The tribunal heard testimony from more than 100 witnesses over the previous five weeks, including military experts, psychologists, and Ixil Indian survivors who told stories of how their families were murdered and their villages wiped out by General Ríos Montt’s forces.

“We are completely convinced of the intent to destroy the Ixil ethnic group,” said Judge Yasmín Barrios, who read an hour-long summary of the ruling by a panel of three judges, according to a report by the New York Times.

“The judge said that as the commander in chief of Guatemala’s armed forces, the general knew about the systematic massacres of Ixil villagers living in hillside hamlets in El Quiché department and did nothing to stop them or the aerial bombardment of the refugees who had fled to nearby mountains. The crowd packed into the courtroom was quiet for much of Judge Barrios’s reading. But cries of ‘Justicia! Justicia!’ erupted when she pronounced the lengthy sentence and ordered General Ríos Montt to begin serving it immediately.”

The Guatemalan Civil War saw the government of Guatemala and its military and paramilitary forces fight against leftist guerrilla groups. In 1968, the Guatemalan army began slaughtering the Ixil Mayan population, which led to the widespread extermination of Mayan villages in what was often called the “Silent Holocaust.” 500,000 to 1.5 million civilians fled to other countries or were internally displaced during the violence, in one of the bloodiest military dictatorships in Latin American history.

The death toll in Guatemala from its military dictatorship exceeded that of other Cold War dictatorships and civil wars in the region, including El Salvador, Nicaragua, Argentina, and Chile. The Times reported that after Gen. Ríos Montt came to office in a military coup in 1982, the civil war became one of the most violent conflicts in modern history.

“The villages of the Mayan highlands endured the worst of the army’s brutality in the early 1980s, the darkest period of Guatemala’s 36-year civil war. During much of the 17 months of General Ríos Montt’s rule, the army intensified a scorched-earth policy to flush out leftist guerrillas fighting from the hills. In the cities, security forces had identified labor and student leaders as enemies of the state and snatched them off the street to be killed or disappeared. But the military campaigns against the Mayan communities did not bother to select their targets. Military planning documents simply described all the Ixil as guerrilla supporters.”

Guatemala’s government was supported by the United States from 1982 onward as part of U.S. foreign policy during the Cold War, and Gen. Ríos Montt had close ties to the U.S. under the Reagan Administration. A secret cable by the Central Intelligence Agency (CIA), put online by National Security Archive’s page on Guatemala, mentions the genocidal intent and ideology of the Guatemalan armed forces under General Ríos Montt, and warns of atrocities.

“The well-documented belief by the army that the entire Ixil Indian population is pro-EGP has created a situation in which the army can be expected to give no quarter to combatants and non-combatants alike.”

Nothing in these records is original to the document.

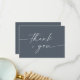 This thank you card features a minimalist script on a navy blue background to send your thanks in physical form. Perfect for weddings, showers, parties, and more!
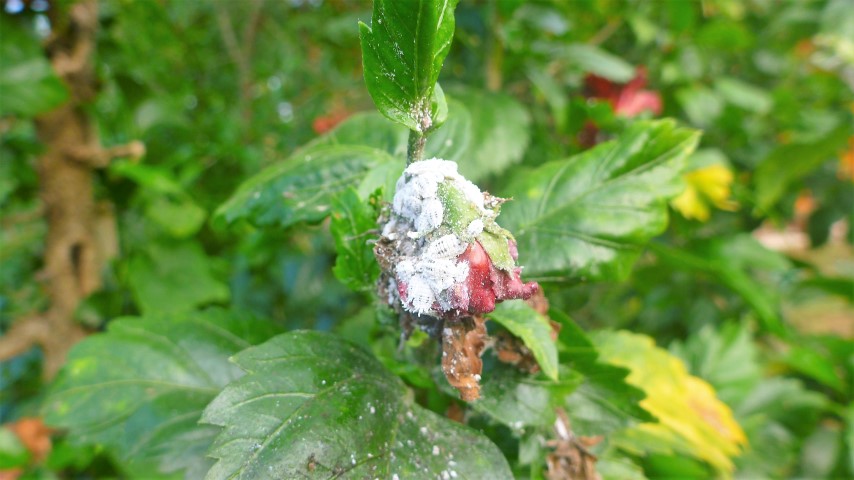 Ik heb een Hibiscus waar veel bloemen in kwamen. Maar nu blijven de bloemen in de knop en er zit iets wits op. Lijkt wel een luis of zo.
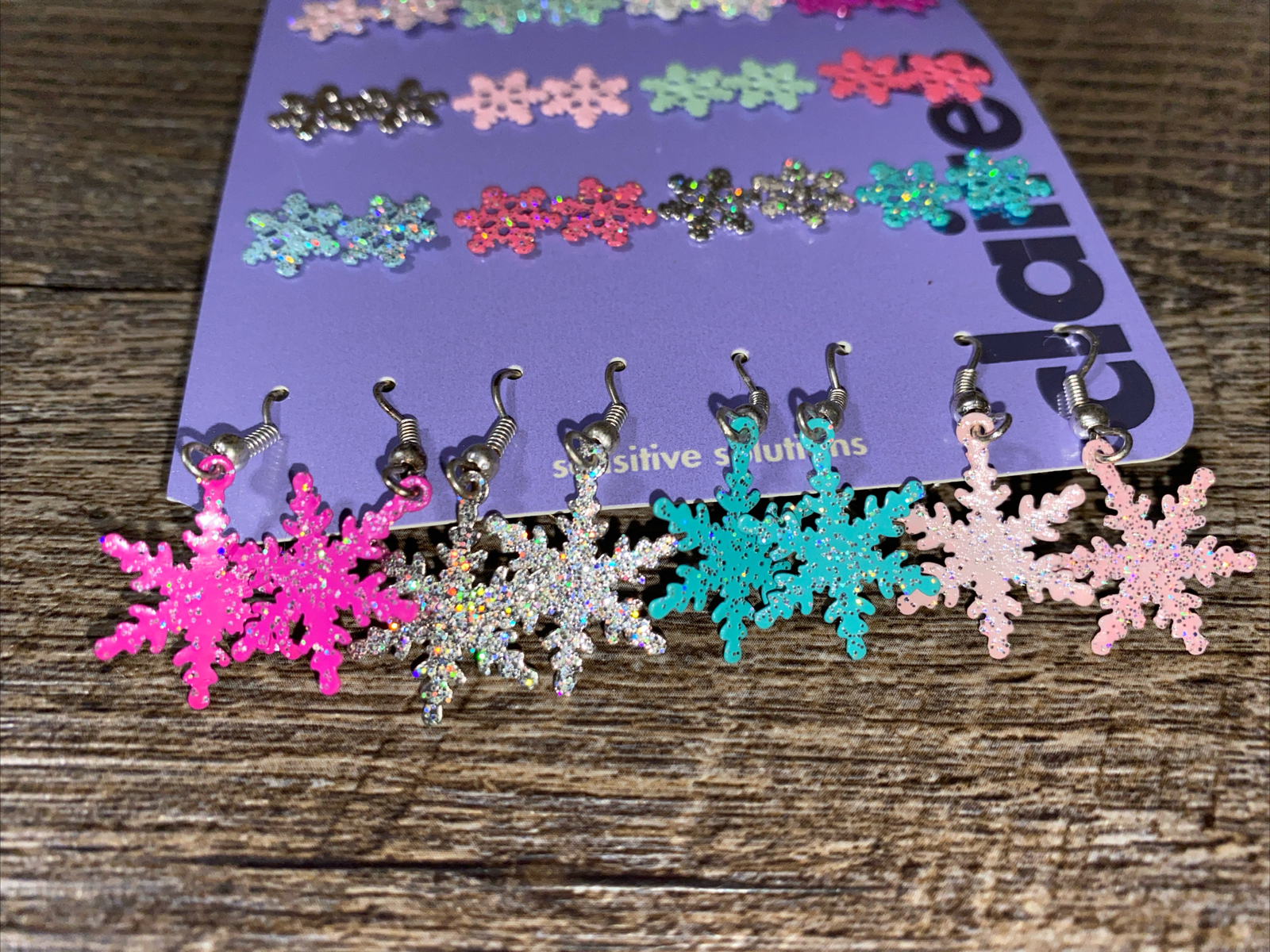 Claire s 16 Pr pink blue silver sparkle stud dangle snowflake earrings

Another secret memorandum from the U.S. State Department stored in the Archive, dated March 29, 1968, and authored by Viron Vaky, at that time serving on the State Department’s Policy Planning Council, was even more brutally honest.

“This is not only because we have concluded we cannot do anything about it, for we never really tried. Rather we suspected that maybe it is a good tactic, and that as long as Communists are being killed it is alright. Murder, torture and mutilation are alright if our side is doing it and the victims are Communists.”

Though the verdict would later be overturned, Ríos Montt’s sentence was considered a landmark case of international significance for the victims of genocide. A retrial began earlier this year, though his health was determined to be too fragile for him to attend the court sessions.